The cyber attacks by the TSE (Superior Electoral Court) on Sunday (15) are of a type that occurs frequently on the Internet and was carried out by an already stamped hacker group.
At the time this report was published, the attacks were known to have involved the disclosure of old internal data and an attempt to cause instability on the websites of the TSE itself and the TREs (Regional Electoral Courts). All unrelated to slow vote counting, a problem other than the lack of testing in the pandemic.
At a press conference on Sunday evening, TSE President Luís Roberto Barroso said the attacks had left Portugal or were coordinated by a Portuguese citizen.
On Monday (16), the minister said he had asked the federal police to investigate the case, but had not provided any new data on the attackers. “At the moment there are only suspicions and indications,” he said. According to Barroso, the PF needs to analyze whether there was any orchestration “to discredit the system and the institutions”.
The attack was accepted by CyberTeam, already known in the midst of cybersecurity for hacktivism, that is, to hack in the form of protest with ideological motivation.
The group is led by the hacker known on the Internet as “Zambrius”. He was preventively arrested in Portugal in April this year for carrying out various cyber attacks in the country. Subsequently placed under house arrest.
According to the Diário de Notícias newspaper, the cybercriminal has been monitored by the authorities since he was 16 years old in 2017 and identified as a member of a group that attacked the judicial police and the Attorney General of the Republic of Portugal.

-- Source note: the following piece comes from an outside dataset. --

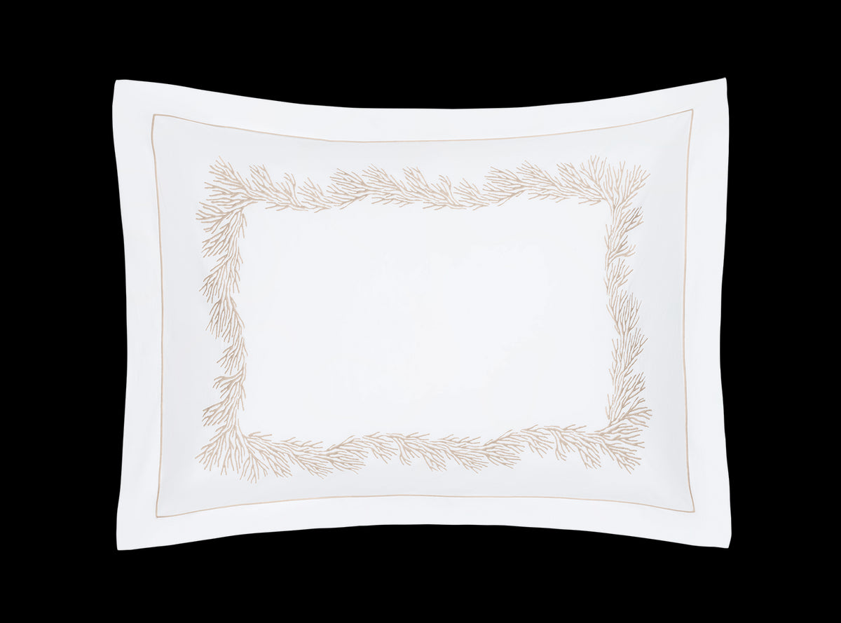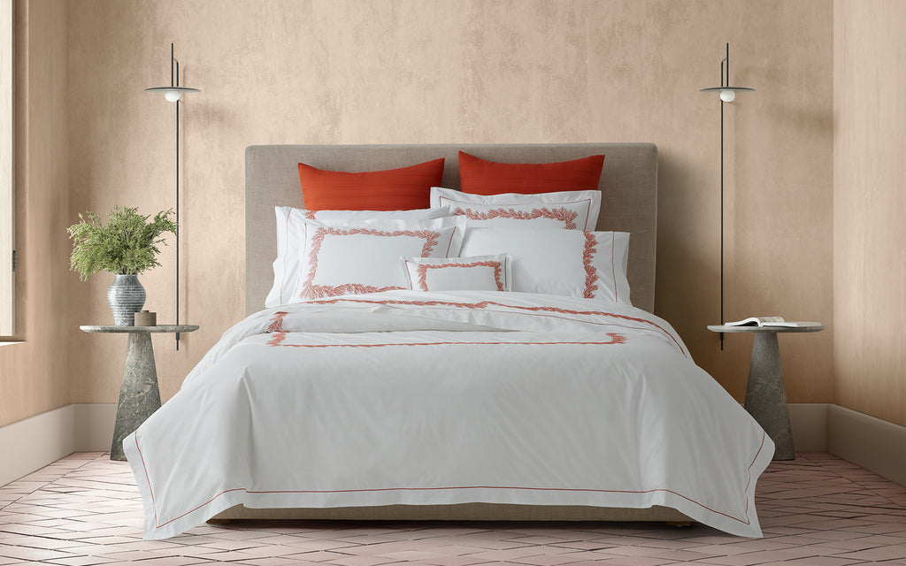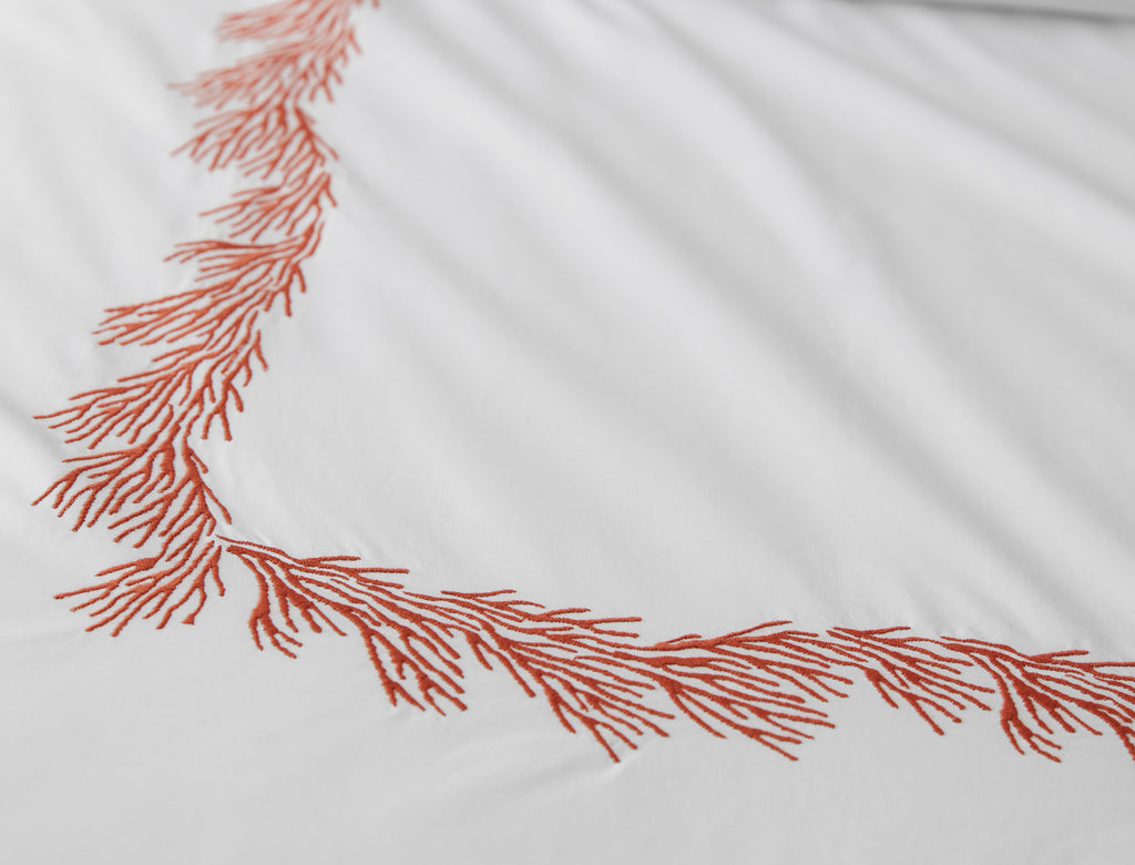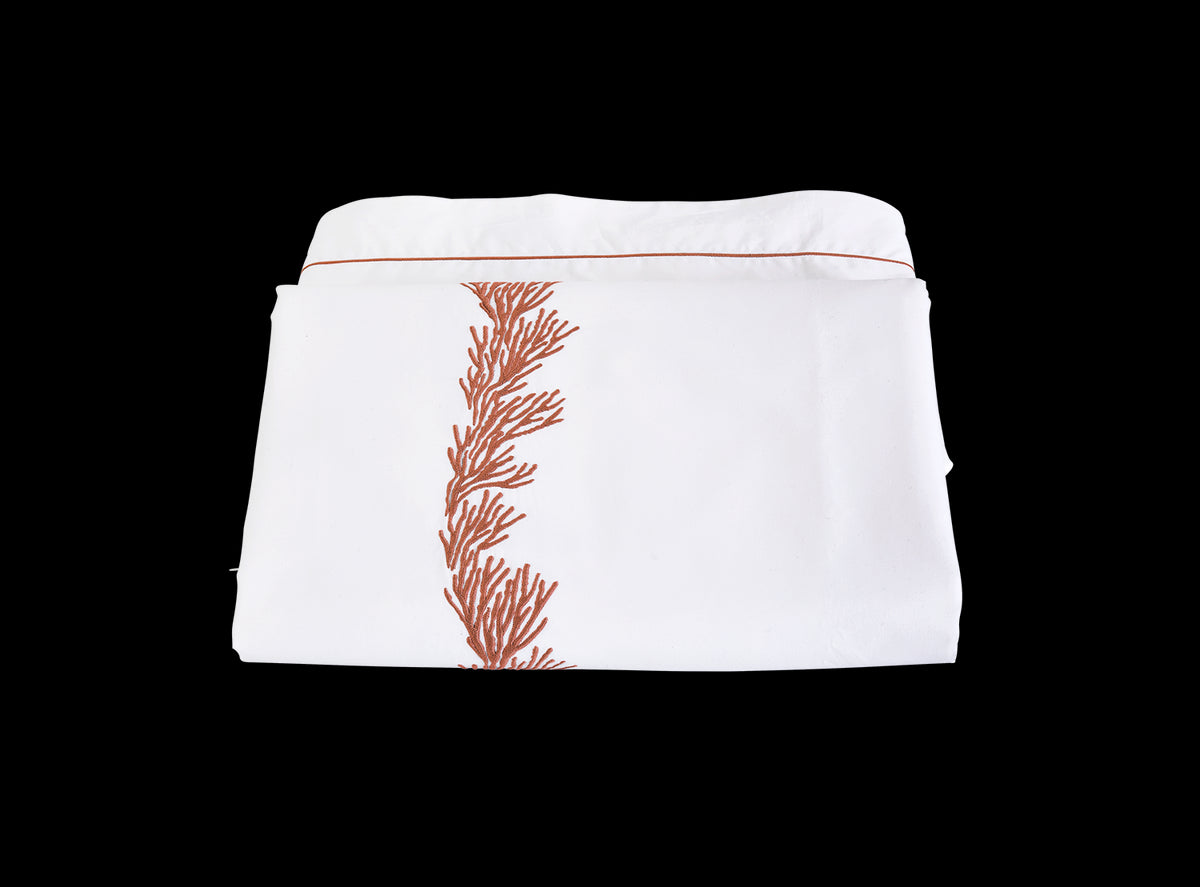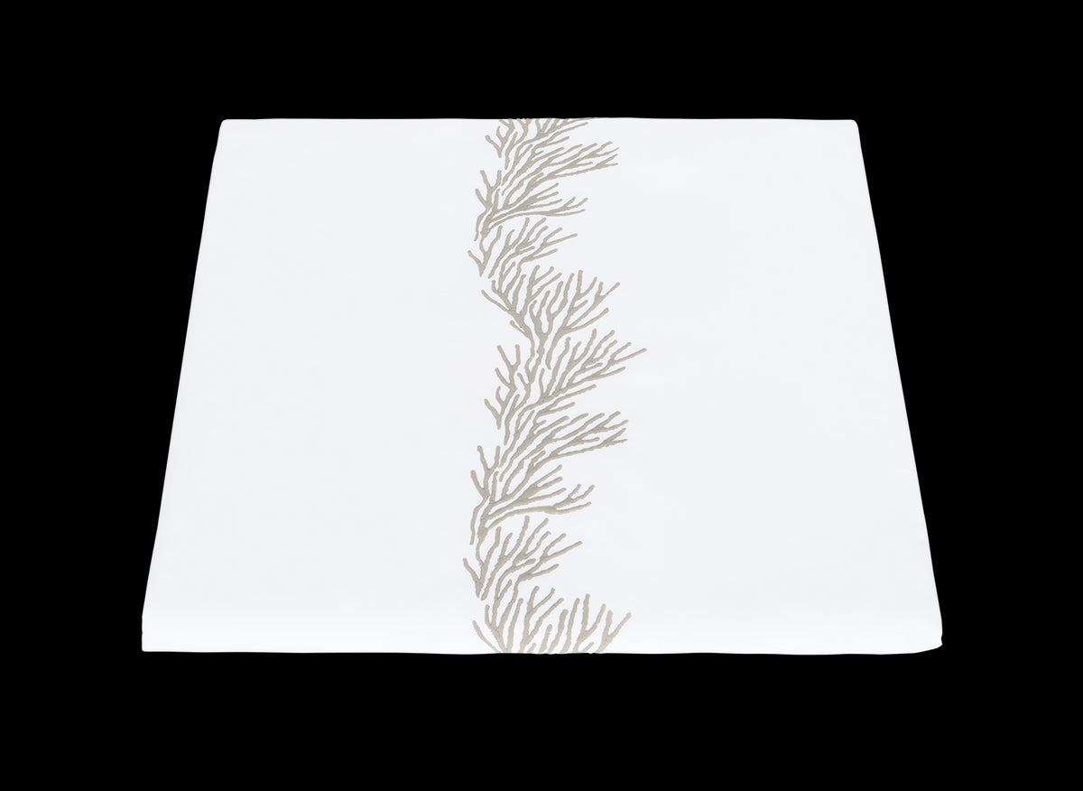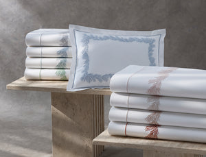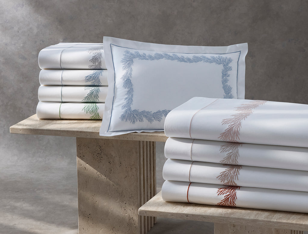 For nearly 100 years and three generations, Matouk has handcrafted luxury linens from the world’s finest materials. Their dedicated artisans in Fall River, Massachusetts are committed to creating the highest quality, most-loved bed, bath, and table linens for your home. Like the feathery coral found under the Pacific waters, the Atoll Collection features a small satin stitch border that gently flows over the crisp 520 thread count Ceylon cotton percale. Pair this collection with the coordinating Ceylon Fitted Sheet.

The hacker’s version differs from that of the Brazilian authorities in two respects: according to the young Portuguese, access to internal data remained vulnerable until at least Monday afternoon (16), and the published tables were extracted on Saturday (14). The TSE denies, saying the information was received weeks earlier.
According to the court itself, in addition to the leaked data, the hackers carried out a DDoS attack (acronym for “Denial of Service”).
This mode floods the target’s servers to cause instability or even shut down a system. It’s like what happens when a university entrance exam comes up: a lot of people are accessing the website at the same time and it’s slow but artificial.
Zambrius confirmed to Folha that later on Sunday afternoon, hours before the TSE president spoke, the group attempted to cause instability on the regional courts’ websites.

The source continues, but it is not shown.